Jack felt a hard knot in his throat and tried to swallow it down. He was alive because someone else hadn’t received the same second swipe...
‘We’re here.’
Ellie’s statement interrupted his spiralling thoughts and Jack hid his sigh of relief as she turned up a driveway and approached a wrought-iron gate. Thank God. He wasn’t sure if he could go much further.
Ellie looked at the remote in her hand, took a breath and briefly closed her eyes. He saw the tension in her shoulders and the rigid muscle in her jaw. She wasn’t comfortable... Jack cursed. If he had been operating on more than twelve hours’ sleep in four days he would have picked up that the shyness was actually tension a lot earlier. And it had increased the closer they came to her home.
‘Look, you’re obviously not happy about having me here,’ Jack said, dropping his pack to the ground. ‘Sorry. I didn’t realise. I’ll head back to the bakery—hitch a lift to the airport.’
Ellie jammed her hands into the pockets of her cut-offs. ‘No—really, Jack...I told my father I’d help you.’
‘I don’t need your charity,’ Jack said, pushing the words out between his clenched teeth.
‘It’s not charity.’ Ellie lifted up a hand and rubbed her eyes with her thumb and index finger. ‘It’s just been a long day and I’m tired.’
That wasn’t it. She was strung tighter than a guitar string. His voice softened. ‘Ellie, I don’t want you to feel uncomfortable in your own home. I told Mitch that I was happy to wait at the airport. It’s not a big deal.’
Ellie straightened and looked him in the eye. ‘I’m sorry. I’m the one who is making this difficult. Your arrival just pulled up some old memories. The last time I took in one of my father’s workmates I was chased around my house by a drunken, horny cameraman.’
He sent her his I’m-a-good-guy grin. ‘Typical. Those damn cameramen—you can’t send them anywhere.’
Ellie smiled, as he’d intended her to. He could see some of her tension dissolve at his stab at humour.
‘Sorry, I know I sound ridiculous. And I’m not crazy about talking about my relationship with Mitchell for this book you’re helping him write—’
‘I’m helping him write? Is that what he said?’ Jack shook his head. Mitchell was living in Never-Never Land. It was his book, and he was writing the damn thing.

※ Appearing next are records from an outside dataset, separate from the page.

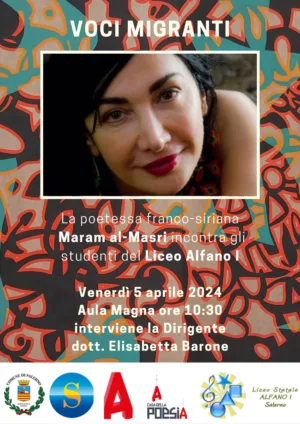 Venerdì 5 aprile, presso l’Aula Magna dell’Alfano I alle ore 10:30, gli studenti incontreranno la poetessa franco-siriana Maram al-Masri.
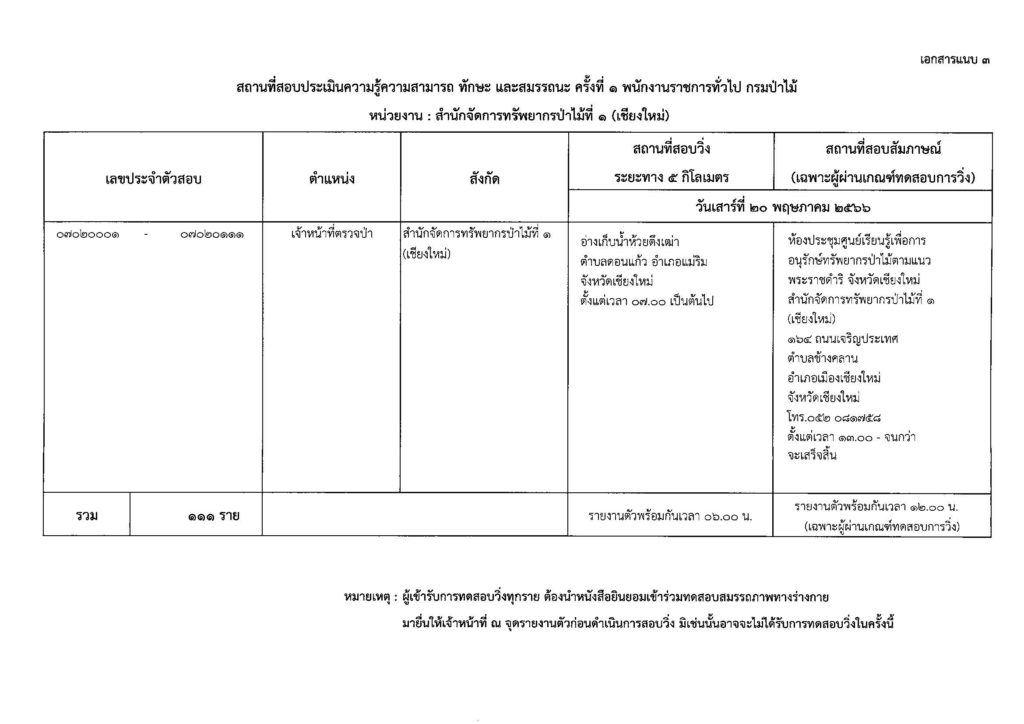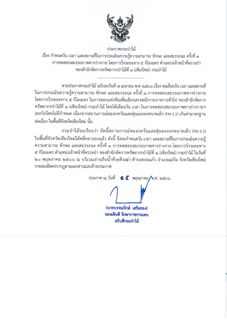 หน้าแรก » ประกาศ » ประกาศกรมป่าไม้ เรื่อง กำหนดวัน เวลา และสถานที่ในการประเมินความรู้ความสามารถ ทักษะ และสมรรถนะ ครั้งที่ ๑ การทดสอบสมรรถภาพทางร่างกาย โดยการวิ่งระยะทาง ๕ กิโลเมตร ตำแหน่งเจ้าหน้าที่ตรวจป่า ของ สำนักจัดการทรัพยากรป่าไม้ที่ ๑ (เชียงใหม่) กรมป่าไม้
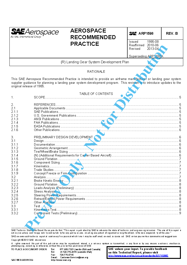 This SAE Aerospace Recommended Practice (ARP) is intended to document the process of landing gear system development. This document includes landing gear system development plans for commercial, military, fixed wing and rotary wing air vehicles.

Yes, Mitchell Evans’s and Ken Baines’s names would be on the cover, but there would be no doubt about who was the author. The sizeable advance in his bank account was a freaking big clue.
‘Your father...I like him...but, jeez, he can be a pain in the ass,’ Jack said.
‘So does that mean you don’t want to talk to me about him?’ Ellie asked, sounding hopeful and a great deal less nervous.
Jack half smiled as he shook his head. ‘Sorry...I do need to talk to you about him.’
He raked his hair off his face, thinking about the book. Ken’s fascinating story was all but finished; Mitch’s was progressing. Thank God he’d resisted all the collective pressure to get him to write his. Frankly, it would be like having his chest cracked open without anaesthetic.
He was such a hypocrite. He had no problems digging around other people’s psyches but was more than happy to leave his own alone.
Jack looked at Ellie, saw her still uncertain expression and was reminded that she was wary of having a strange man in her house. He couldn’t blame her.
‘And as for chasing you around your house? Apart from the fact that I am so whipped I couldn’t make a move on a corpse, it really isn’t my style.’
Ellie looked at him for a long moment and then her smile blossomed. It was the nicest punch to the heart he’d ever received.